MEMORANDUM OF DECISION
The action is before the court on defendant’s motion to dismiss for failure to state a claim upon which relief can be *328granted. Rule 12(b) (6) Fed.R.Civ.P. The motion is bottomed on Mississippi’s one-year statute of limitations.1
Plaintiff seeks to recover damages in this action against defendant, because of a prosecution initiated by defendant in Chickasaw County, which plaintiff contends was without just cause and maliciously inspired. The complaint alleges that defendant voluntarily appeared before the grand jury of Chickasaw County on October 13, 1969 and caused the grand jury to return an indictment against plaintiff on a charge of false pretense. The action was abandoned by the State and retired to the files on October 16, 1969. It is conceded by the parties that the cause of action accrued on October 16, 1969, the date on which the proceeding terminated in plaintiff’s favor. See Harvill v. Tabor, 240 Miss. 750, 128 So.2d 863 (1961). It is also conceded that the action is controlled by the statute of limitation aforesaid.
Defendant contends that the application of Mississippi law to the uncontradicted facts fixes the time of the commencement of the action as November 21, 1970, when the clerk of the court and the Marshal were informed by plaintiff’s counsel as to the manner in which defendant might be served with summons.
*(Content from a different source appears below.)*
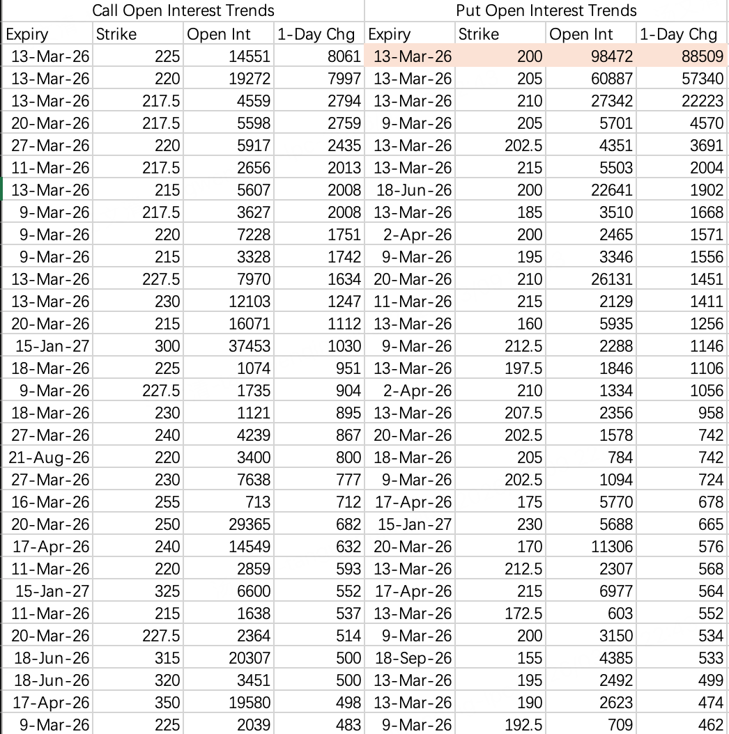 200 put $AMZN 20260313 200.0 PUT$  — 88k opened.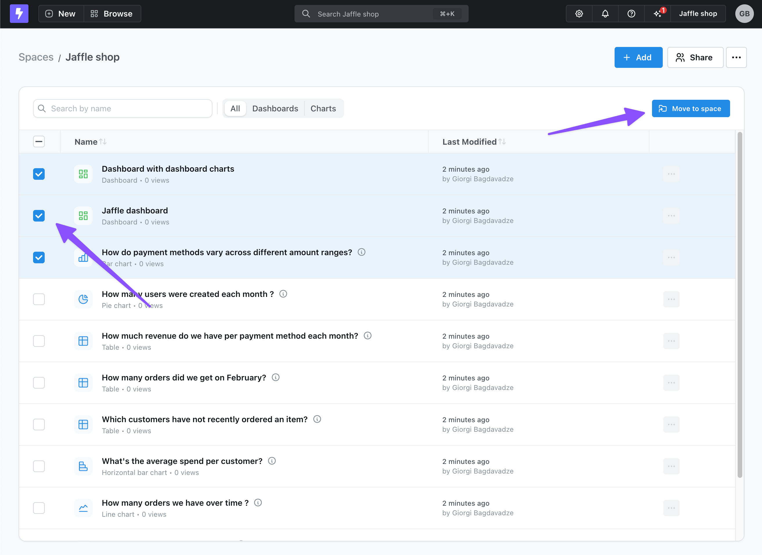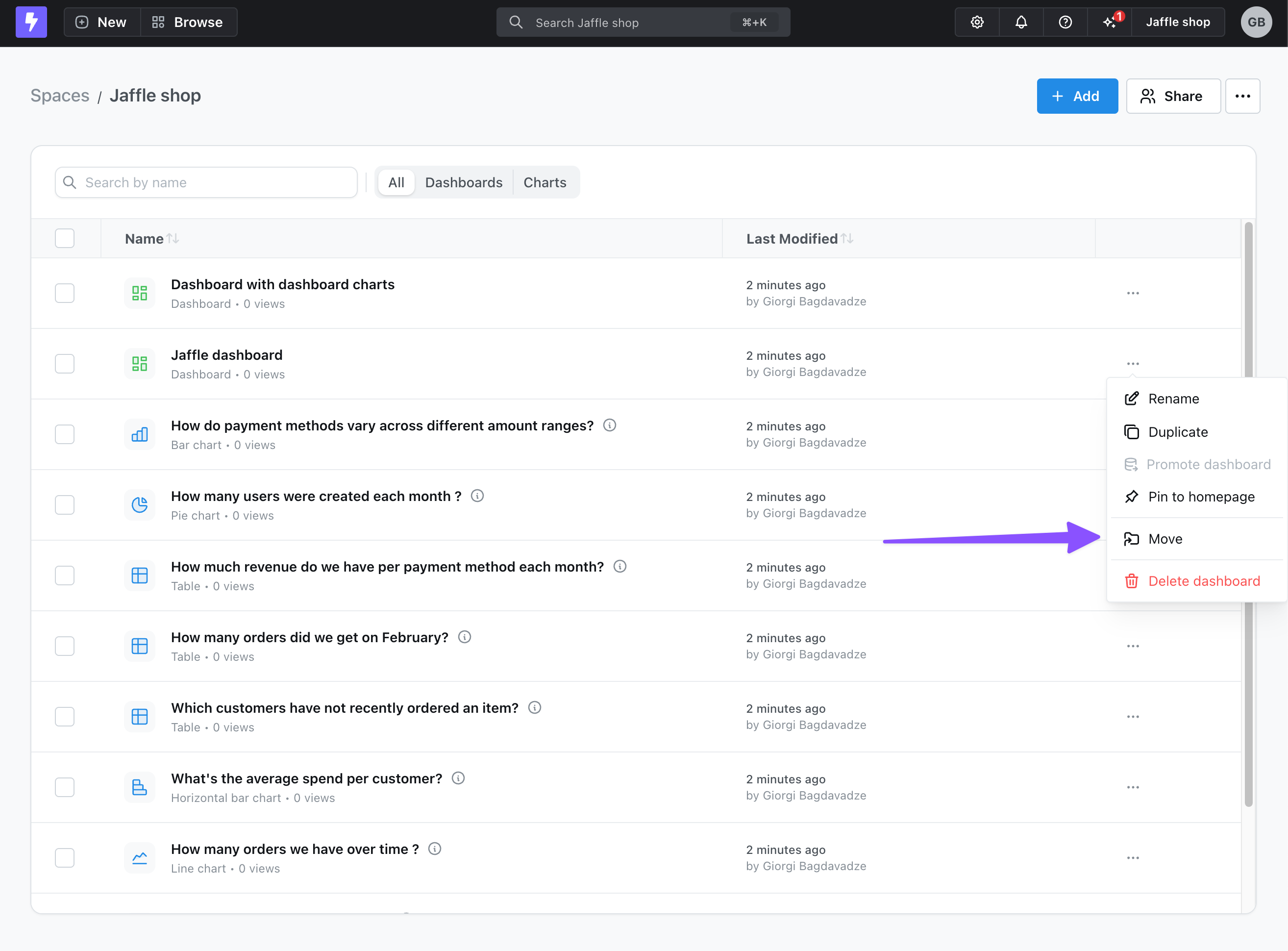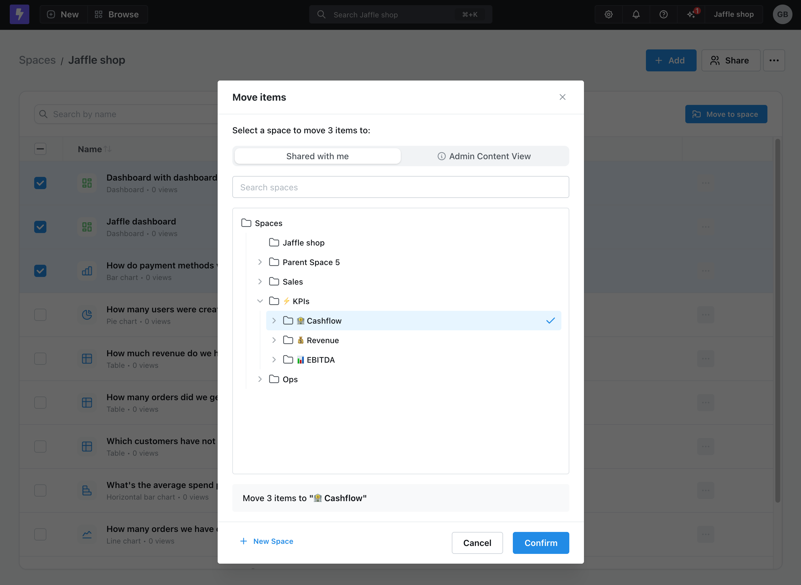 To move a saved chart, dashboard or space between Spaces, you can click on the three dot menu (...) to the right of the item and pick the Move action. Or select items using checkboxes on the left and click Move to Space.

If defendant’s contention is upheld by the court the action must be dismissed and plaintiff will be barred of any remedy. Section 732 of the Mississippi Code, supra, provides that an action, such as is involved here, must be commenced within one year next after the cause of action accrues, and not after. This fixes the date for the commencement of this action, if brought within the time permitted by the statute, not later than October 16, 1970. Plaintiff contends that the action was commenced within the above said time period for the reason that the complaint was filed prior to October 16, 1970 with the intent for service of process to issue.
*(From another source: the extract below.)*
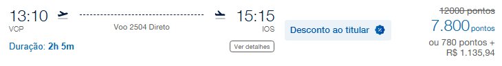 | Campinas (VCP) | Ilhéus (IOS) | 7.800 | 12.000 | 17 de maio | Reserve aqui |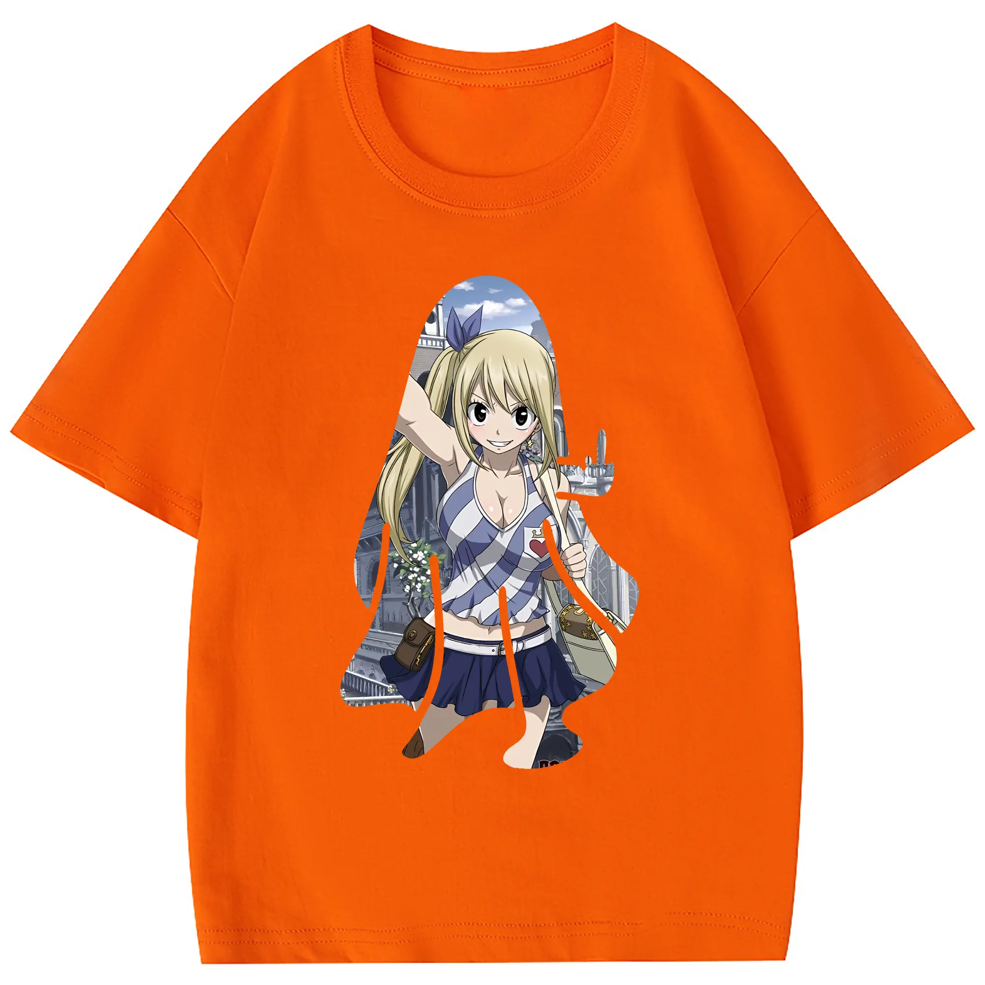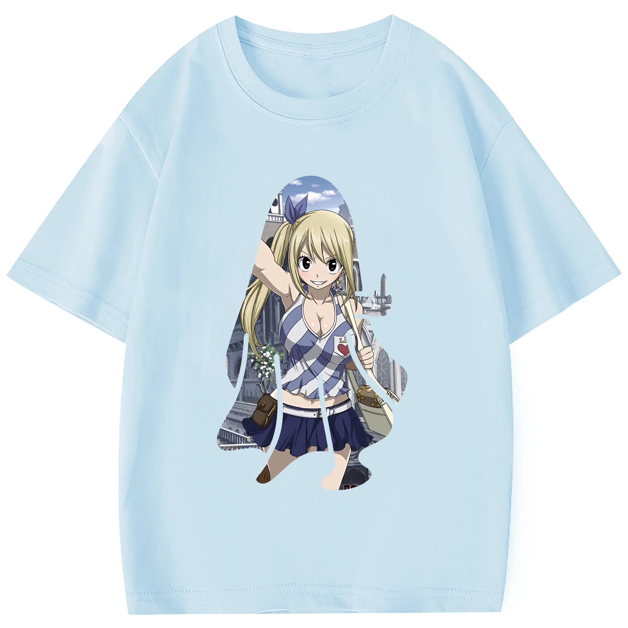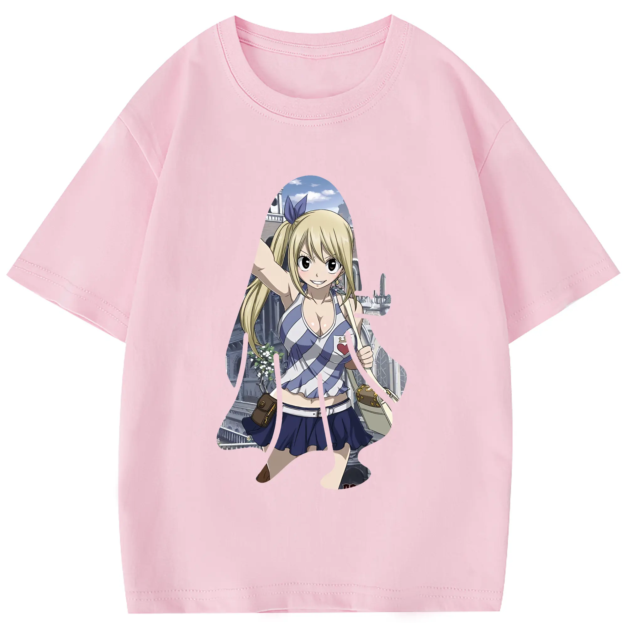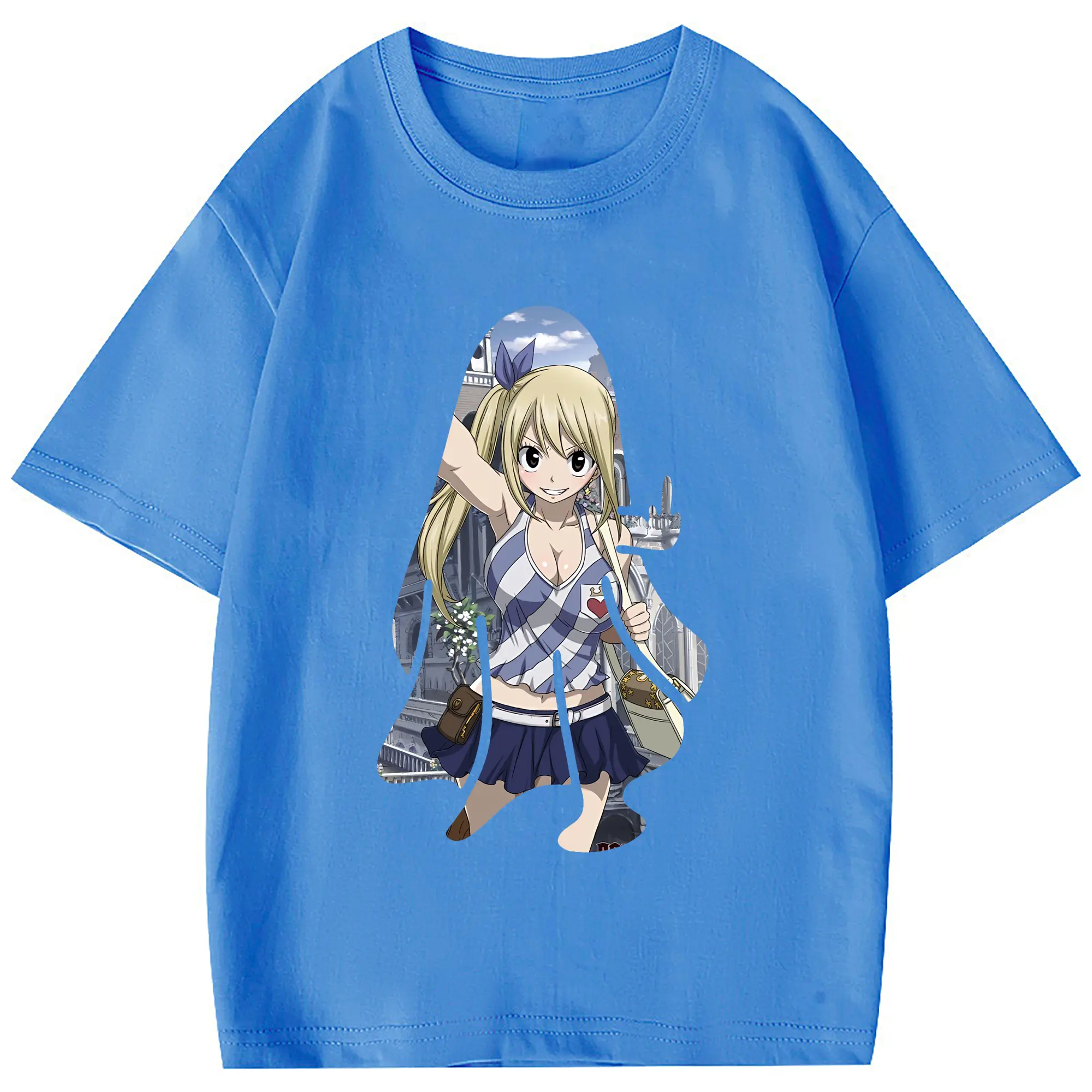 フェアリーテイル グッズ ルーシィ・ハートフィリア - 綿100% 半袖Tシャツ ・ フロントプリント ・ 快適 通気性 ・ 日常使い 散歩 スポーツ用

The following facts appear from the record and stipulation and affidavit filed with the court.
The complaint sets forth the nature of the action and describes defendant by name, with the additional averment that he “is a non-resident of the State of Mississippi and resides at 122 Cottage Lane, Dexter, Missouri.”
The complaint was forwarded to the clerk by mail by plaintiff’s counsel, with a cover letter, October 14, 1970. The letter requested the issuance of summons for defendant and stated defendant’s place of residence as above mentioned.
The clerk received the complaint and cover letter on October 15, 1970. Acknowledging receipt of the complaint and letter, the clerk furnished counsel with United States Marshal’s form USM 285 entitled “U. S. Marshal’s Service-Instruction And Process Record”. Counsel was requested to complete the form and return it to the clerk’s office. At the same time the clerk informed counsel that the summons would be held in the clerk’s office until the form had been returned.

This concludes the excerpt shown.